Actual algorithm (III): Analysis high performance queue data structures and algorithms behind Disruptor

Actual algorithm (III): Analysis high performance queue data structures and algorithms behind Disruptor

Disruptor is a memory message queue is a queue for message passing between threads

How do Disruptor is a high-performance? The underlying data structure depend on what?

"- producer consumer model" based on circular queue

In this producer - consumer model, a producer production data, the data center into a storage container, after the consumer withdraws from the consumption data center storage container

Center storage container which stored data is what the data structure used to achieve?

The most commonly used to achieve a data structure is a queue container storage center, the data support the FIFO queues, the data will produce long been long been consumption.
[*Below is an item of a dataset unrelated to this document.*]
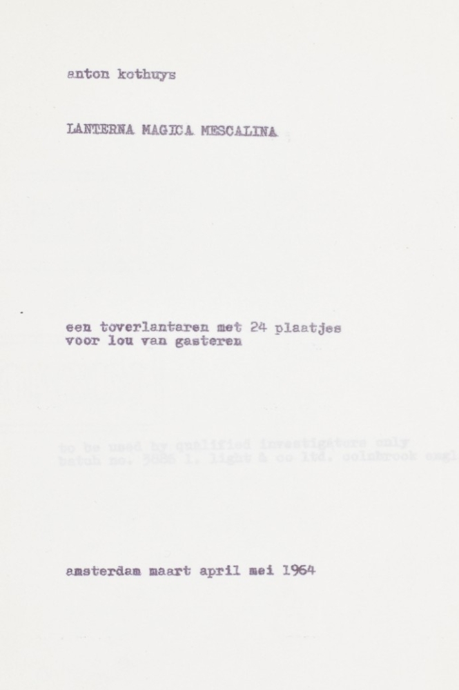 Eight miscell. titles/ items: (1) Anton Kothuys. Lanterna magica mescalina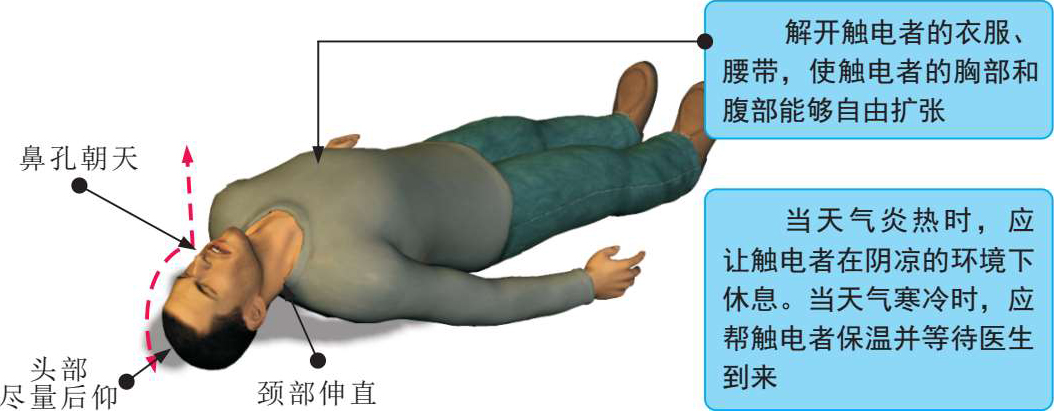 若触电者已经失去知觉,但仍有轻微的呼吸和心跳,应让触电者就地仰卧平躺,让气道通畅,解开触电者的衣服及有碍于呼吸的腰带等,呼叫触电者或轻拍触电者肩部,判断触电者意识是否丧失。在触电者神志不清时,不要摇动触电者的头部或呼叫触电者。

There are two queues implemented idea, one is based on the queue list implemented chain, and the other is based on an order queue array implementation, different needs, choosing a different implementation.

Unbounded implement a queue, the queue size that is uncertain in advance for selection list to achieve, since lists support fast dynamic expansion. If you want to achieve a bounded queue, that queue size is determined in advance, when the queue is full of data, producers need to wait until consumer spending data, then there is space in the queue to put data into the position of producers. Unbounded amount of memory queue occupancy is not controllable, because they may lead to memory continues to grow OOM (Out Of Memory) error.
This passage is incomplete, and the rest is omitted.